Pemerintah Putuskan Revisi UU Antiterorisme

Resty Armenia | CNN Indonesia
Kamis, 21 Jan 2016 19:29 WIB
Pemerintah memutuskan merevisi UU 15/2003 tentang Perppu 1/2002 tentang Pemberantasan Tindak Pidana Terorisme menjadi UU dengan poin pencegahan.
Presiden Joko Widodo memutuskan untuk merevisi Perppu menjadi UU Antiterorisme. (Antara Foto/Widodo S Jusuf)
Jakarta, CNN Indonesia -- Pemerintah memutuskan merevisi Undang-Undang Nomor 15 Tahun 2003 tentang Penetapan Peraturan Pemerintah Pengganti Undang-Undang (Perppu) Nomor 1 Tahun 2002 tentang Pemberantasan Tindak Pidana Terorisme menjadi Undang-Undang dengan memasukkan poin pencegahan terorisme dan deradikalisasi.

Sekretaris Kabinet Pramono Anung mengungkapkan, setelah Presiden Joko Widodo mendengarkan berbagai pendapat dan masukan dalam rapat terbatas, sang kepala negara memberikan arahan kepada Menteri Koordinator bidang Politik Hukum dan Keamanan Luhut Binsar Pandjaitan, Kapolri Jenderal Badrodin Haiti, Kepala Badan Intelijen Negara Sutiyoso, dan Kepala Badan Nasional Penaggulangan Terorisme Saud Usman Nasution untuk melakukan revisi Undang-Undang Antiterorisme itu.

"Diminta kepada Menkopolhukam dan Menkumham untuk mengkoordinasikan, karena kebutuhan atas hal tersebut, dengan berbagai pertimbangan, diperlukan oleh pemerintah saat ini. Tapi tetap mengedepankan asas praduga tak bersalah dan mengedepankan pendekatan hak asasi manusia," ujar Pramono di Kantor Presiden, Istana Kepresidenan, Jakarta Pusat, Kamis (21/1).

ADVERTISEMENT

SCROLL TO CONTINUE WITH CONTENT

Pria yang akrab disapa Pram ini menjelaskan, dalam ratas tadi juga membahas bagaimana persoalan deradikalisasi tidak lepas dari berbagai hal yang tumbuh di masyarakat, yang berkaitan dengan ideologi, kekerasan, ketimpangan, dan kesenjangan, dan pendidikan. Maka dari itu, ucapnya, faktor-faktor tersebut akan menjadi pertimbangan pemerintah dalam mengambil sikap nantinya.
"Diharapkan dalam masa sidang ini atau paling lama sidang berikutnya, hal ini dapat diselesaikan," katanya.

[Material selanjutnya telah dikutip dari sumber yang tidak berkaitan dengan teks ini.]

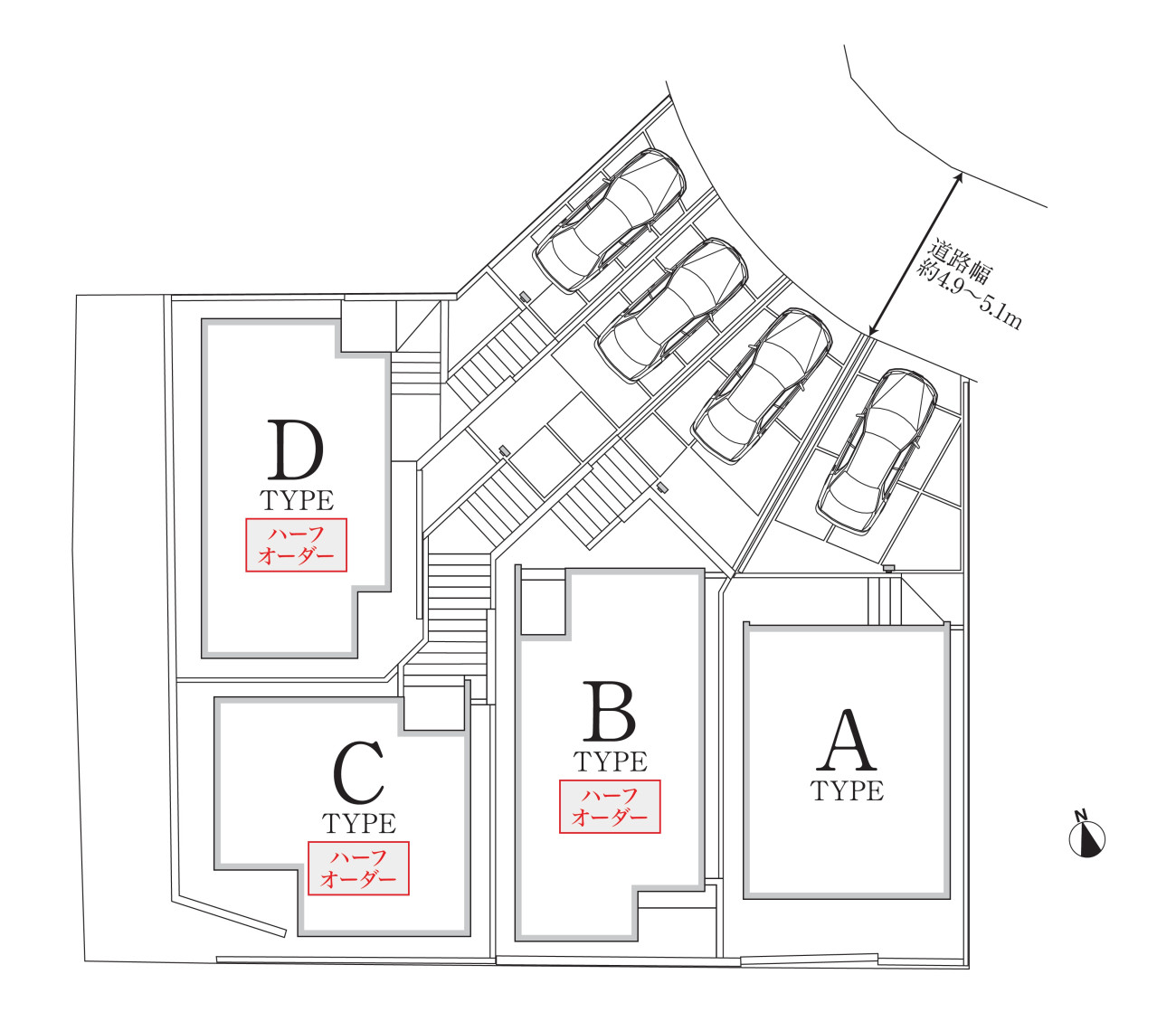【接面道路】 | 北東側公道約4.9~5.1m |
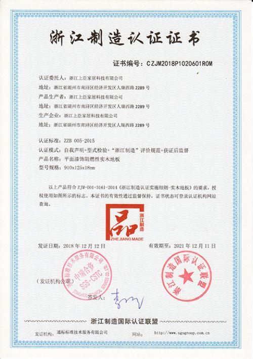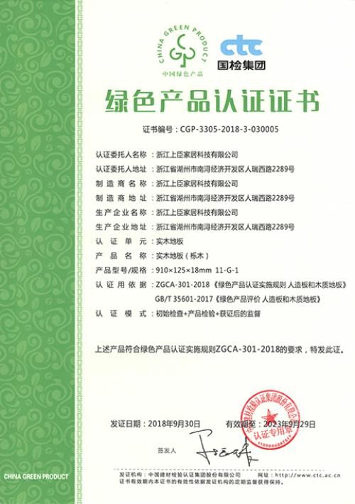 11月2日,湖州市质量大会成功召开。会上,国家市场监管总局、国家认监委、湖州市政府授予上臣地板“绿色产品认证”!这是全国首批绿色产品认证证书,在整个木地板行业仅6家企业获得,充分体现了国家层面颁布的荣誉权威性、稀缺性。
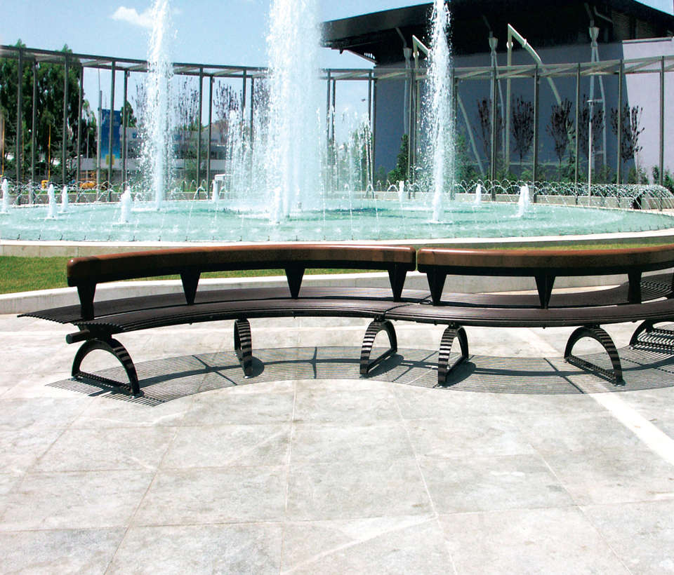 Banc en bois et métal en forme de demi-lune, style 2021, sièges bilatéraux
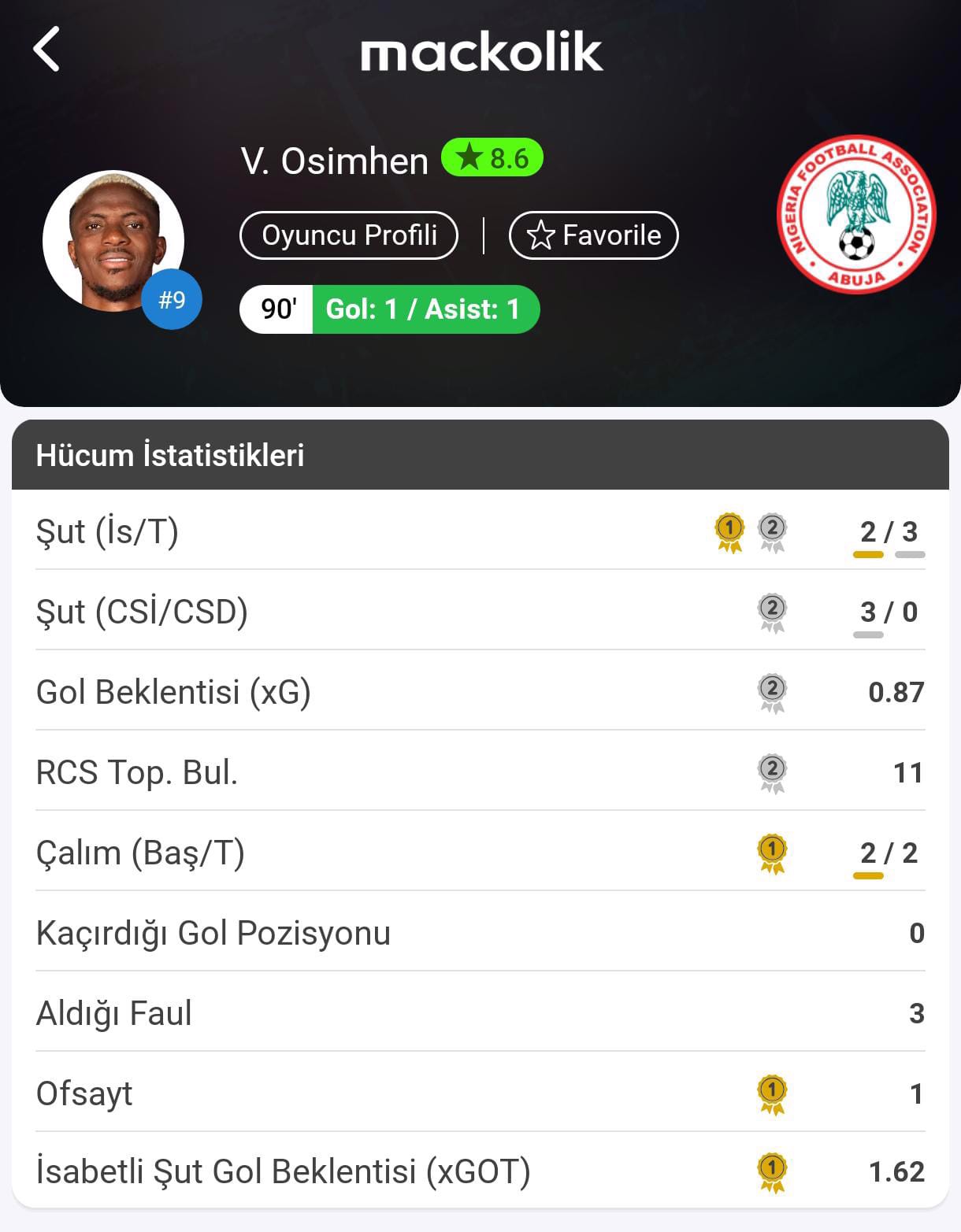 Maçta golleri Batı Afrika ekibi adına 47. dakikada Osimhen, 57. dakikada Adams kaydetti. Galatasaray'da forma giyen Osimhen, 2. golün asistini yaparak galibiyetin mimarı oldu.
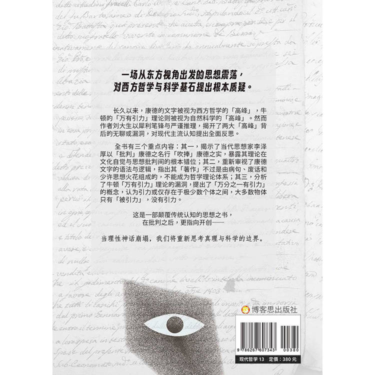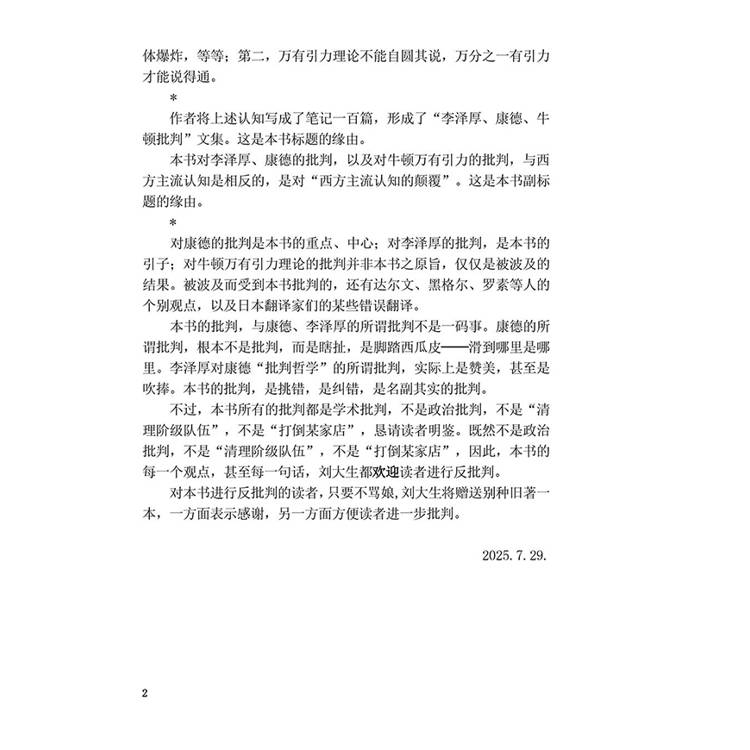 * 对康德的批判是本书的重点、中心;对李泽厚的批判,是本书的引子;对牛顿万有引力理论的批判并非本书之原旨,仅仅是被波及的结果。被波及而受到本书批判的,还有达尔文、黑格尔、罗素等人的个别观点,以及日本翻译家们的某些错误翻译。 本书的批判,与康德、李泽厚的所谓批判不是一码事。康德的所谓批判,根本不是批判,而是瞎扯,是脚踏西瓜皮——滑到哪里是哪里。李泽厚对康德“批判哲学”的所谓批判,实际上是赞美,甚至是吹捧。本书的批判,是挑错,是纠错,是名副其实的批判。   不过,本书所有的批判都是学术批判,不是政治批判,不是“清理阶级队伍”,不是“打倒某家店”,恳请读者明鉴。既然不是政治批判,不是“清理阶级队伍”,不是“打倒某家店”,因此,本书的每一个观点,甚至每一句话,刘大生都欢迎读者进行反批判。
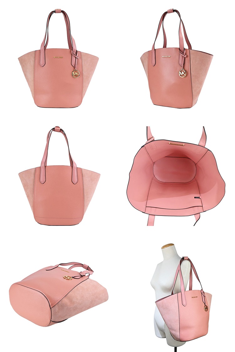 [平輸版] 【MICHAEL KORS】PORTIA絨面拼荔枝紋皮革扇形托特包(大/柔粉)真品平輸 | NearMe | 線上送禮平台『獨家支援 收禮者改選禮物』

Pram menuturkan, pemerintah meyakini bahwa peraturan yang menjadi pilihan atau yang sudah berlaku saat ini sebenarnya sudah relatif berjalan cukup baik, namun perkembangan ekstremisme dan radikalisme di dunia menuntut adanya perubahan. Ia mencontohkan, Presiden juga baru saja meminta Menteri Komunikasi dan Informatika Rudiantara untuk segera menutup laman dan akun yang menyebarkan paham radikalisme.

"Karena dari berbagai laporan Kapolri, Panglima TNI, BIN, dan BNPT, salah satu sumber radikalisme selain ajaran yang disampaikan secara langsung dan juga sekarang tumbuh di lapas. Makanya, Presiden meminta kepada Menkumham untuk menertibkan lapas-lapas yang ada, supaya tidak jadi tempat, sarang tumbuhnya radikalisme," ujarnya.
Sementara itu, Menteri Hukum dan Hak Asasi Manusia Yasonna Laoly memaparkan, poin pencegahan dimasukkan ke dalam revisi Undang-Undang Antiterorisme, karena sebelumnya dalam peraturan tersebut lebih menekankan ke poin penindakan, sehingga pemerintah tidak memiliki payung hukum untuk mengantisipasi dengan upaya pencegahan.

"Sekarang kami perluas, masa penahanan juga kami perluas waktunya. Di dalamnya ada beberapa unsur, termasuk kalau memang secara nyata dan jelas bahwa orang yang bersangkutan sudah melakukan tindakan yang dapat mengancam keselamatan negara," katanya.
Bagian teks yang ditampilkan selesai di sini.